Previously secret documents revealed on NC mail-in voting settlement opposed by GOP
The Republican members of the state elections board who resigned in protest earlier this week gave the public false information, the board’s leader said in an emergency meeting Friday.
He and the other Democrats who remain on the board released documents they claim should prove their version of events.
“Two members of our board resigned their seats, claiming they were misled and did not have all the information,” said Damon Circosta, chair of the N.C. State Board of Elections, adding: “This is not true.”
For example, one of the GOP board members who resigned, Ken Raymond, said he did so because attorneys from the office of Attorney General Josh Stein, a Democrat, had withheld key information from him and the rest of the board. However, one of the formerly confidential documents released Friday shows that that information was actually on the first page of a legal memo Stein’s office sent to board members nearly two weeks ago.
After the elections board waived its attorney-client privilege on those documents Friday to make them public, Stein tweeted that Republican leaders “are lying” about the elections board’s actions “to create mistrust in our elections.”
“That’s disgraceful & un-American,” he continued. “They should care more about helping people stay safe, healthy, & have their vote count than trying to maintain power.”

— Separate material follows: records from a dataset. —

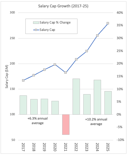 Prior to Covid, the cap increased a bit over 6% a year. After dropping 8% in 2021, the cap has been making up ground, growing 10% a year from 2022-25. A lot of this is due to more and bigger TV deals as the league started signing more channels, but also re-gaining the prior trend that Covid disrupted.
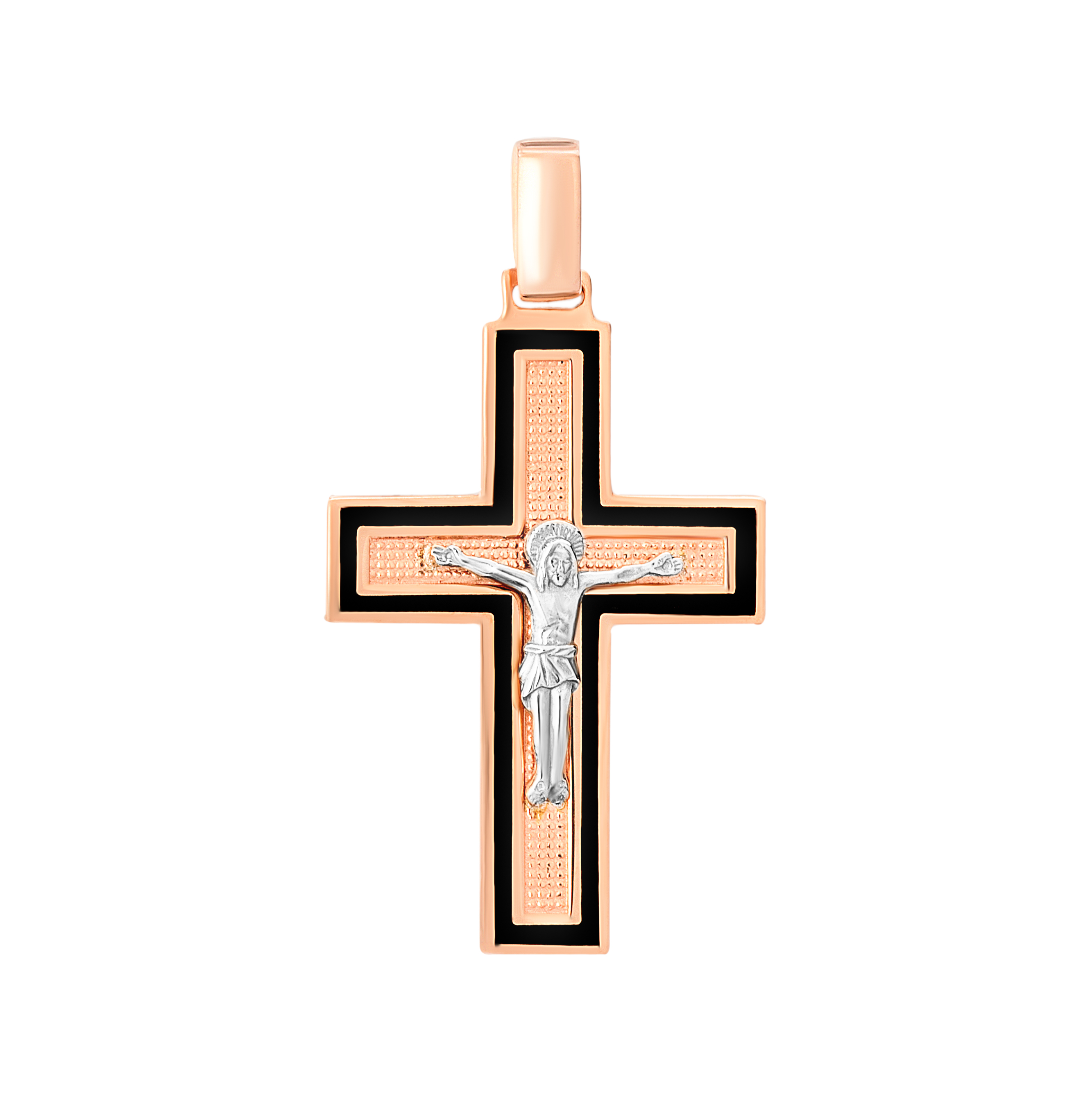 Крестик нательный из комбинированного золота с эмалью - 2115294
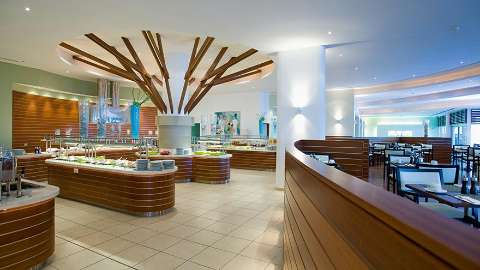 There’s no shortage of style at this resort. Superior, Family and Premium rooms sport mid-century modern-inspired décor, with parquet flooring, walnut woods and geometric art. The beige and blue colour scheme keeps the vibe cool and calm, whilst echoing the resort’s beachfront location. Premium (for guests over 16 only) and Family rooms offer a little extra space, allowing for a seating area – the latter with a sofa bed. Family rooms are also conveniently located within the same wing as the kids' club. Junior suites are for guests over 16 only and offer similar décor, with walnut covered feature walls making the sleeping area feel more cocooning, in contrast to the bright seating area. Premium rooms and Junior suites also offer a welcome drink and bottle of house wine.
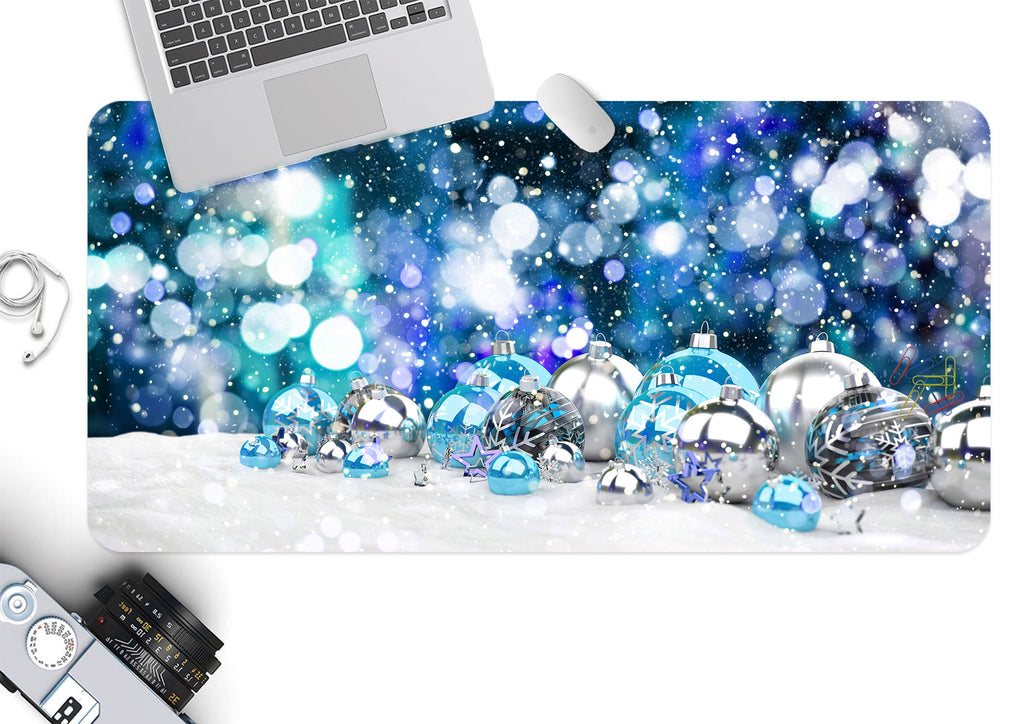 3D Silver Blue Ball 53198 Christmas Desk Mat Xmas
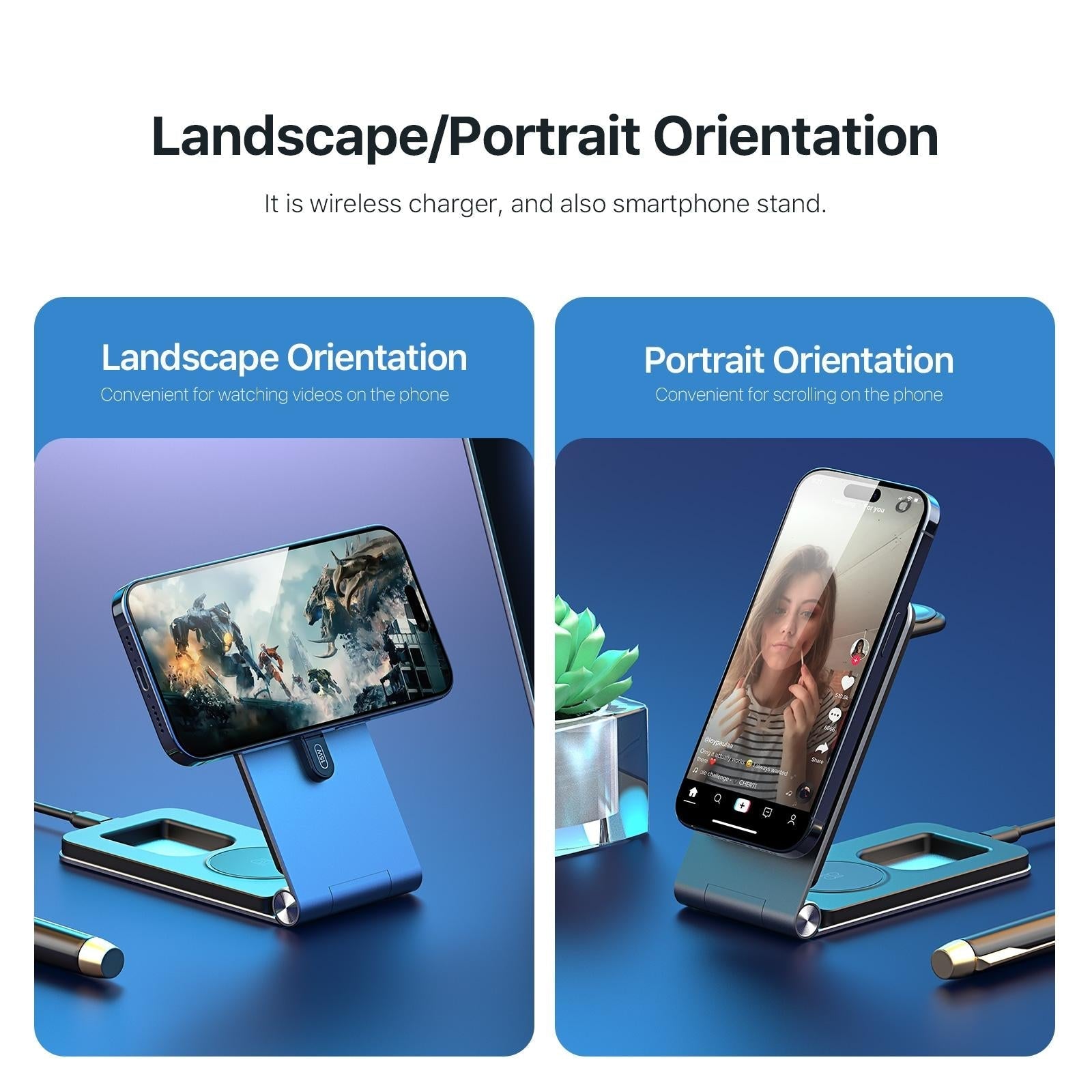 15W 3 In 1 Foldable Magnetic Wireless Charger Grey

The controversy surrounds a potential change in the rules for absentee voting. Democrats say it will protect the security of the elections while also making it less likely that people’s mail-in ballots will be thrown out. Republicans, however, say it could open the door for fraud.
Pat Ryan, a spokesperson for Republican Senate leader Phil Berger, read the formerly confidential documents after they came out Friday, which include legal memos and minutes from a closed meeting. He said the minutes show top election officials giving explanations that he called contradictory, at best, to explain their actions.
“The entire thing is confusing, garbled double-speak,” he said.
In a news conference later Friday, Berger said he thinks if the new rules are approved then there will be no guarantee that the election results will be legitimate.
On Thursday, Republican Sen. Thom Tillis made similar comments. Although Tillis has previously been supportive of mail-in voting, The News & Observer reported, he said he now is skeptical because of the proposed legal settlement.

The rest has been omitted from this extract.